_Requirement_
Restate every line below word for word, but drop each picture.

** Collected data follows **

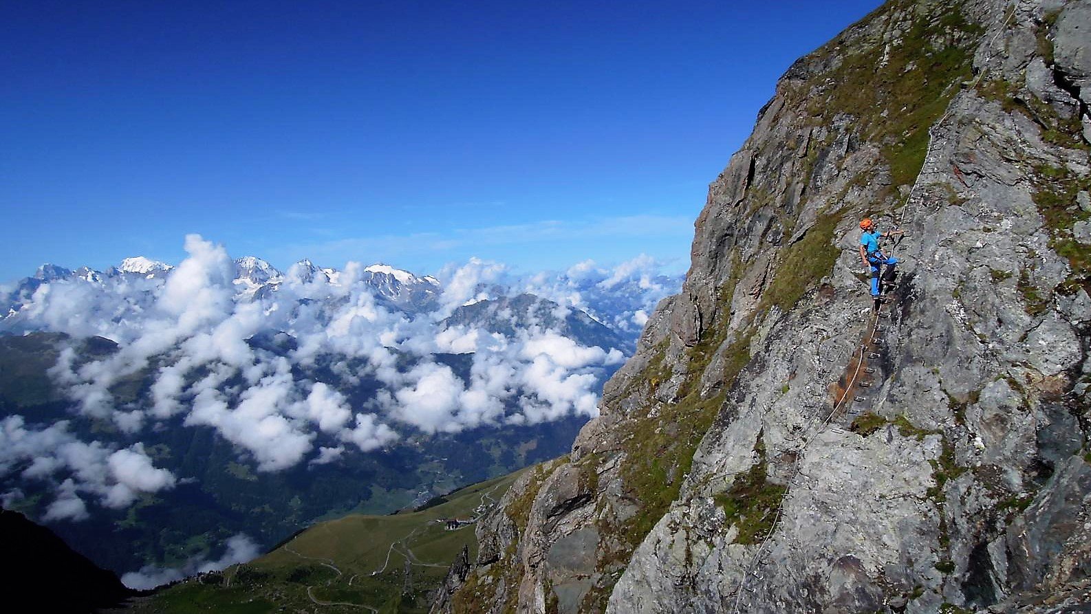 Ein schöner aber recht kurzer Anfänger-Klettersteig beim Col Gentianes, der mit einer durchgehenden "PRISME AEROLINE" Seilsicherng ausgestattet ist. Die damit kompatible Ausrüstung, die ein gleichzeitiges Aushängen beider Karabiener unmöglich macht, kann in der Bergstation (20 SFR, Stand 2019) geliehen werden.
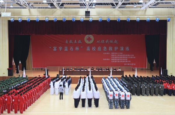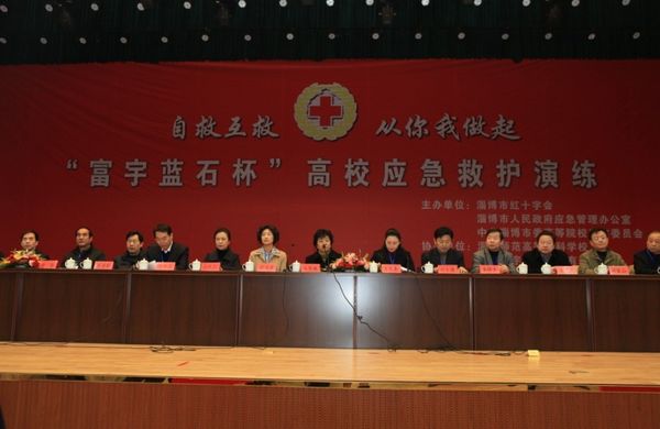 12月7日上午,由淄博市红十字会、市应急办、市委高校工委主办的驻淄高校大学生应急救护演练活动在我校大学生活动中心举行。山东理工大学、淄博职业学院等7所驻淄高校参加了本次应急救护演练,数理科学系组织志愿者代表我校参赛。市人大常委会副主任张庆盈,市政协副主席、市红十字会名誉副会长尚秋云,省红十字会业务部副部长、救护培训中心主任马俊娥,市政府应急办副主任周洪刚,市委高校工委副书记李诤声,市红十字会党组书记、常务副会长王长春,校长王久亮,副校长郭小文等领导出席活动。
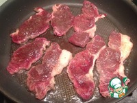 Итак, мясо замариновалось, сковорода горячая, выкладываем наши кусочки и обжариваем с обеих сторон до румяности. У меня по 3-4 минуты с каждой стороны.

** End of Collected data **

_Response_
 Ein schöner aber recht kurzer Anfänger-Klettersteig beim Col Gentianes, der mit einer durchgehenden "PRISME AEROLINE" Seilsicherng ausgestattet ist. Die damit kompatible Ausrüstung, die ein gleichzeitiges Aushängen beider Karabiener unmöglich macht, kann in der Bergstation (20 SFR, Stand 2019) geliehen werden.
 12月7日上午,由淄博市红十字会、市应急办、市委高校工委主办的驻淄高校大学生应急救护演练活动在我校大学生活动中心举行。山东理工大学、淄博职业学院等7所驻淄高校参加了本次应急救护演练,数理科学系组织志愿者代表我校参赛。市人大常委会副主任张庆盈,市政协副主席、市红十字会名誉副会长尚秋云,省红十字会业务部副部长、救护培训中心主任马俊娥,市政府应急办副主任周洪刚,市委高校工委副书记李诤声,市红十字会党组书记、常务副会长王长春,校长王久亮,副校长郭小文等领导出席活动。
 Итак, мясо замариновалось, сковорода горячая, выкладываем наши кусочки и обжариваем с обеих сторон до румяности. У меня по 3-4 минуты с каждой стороны.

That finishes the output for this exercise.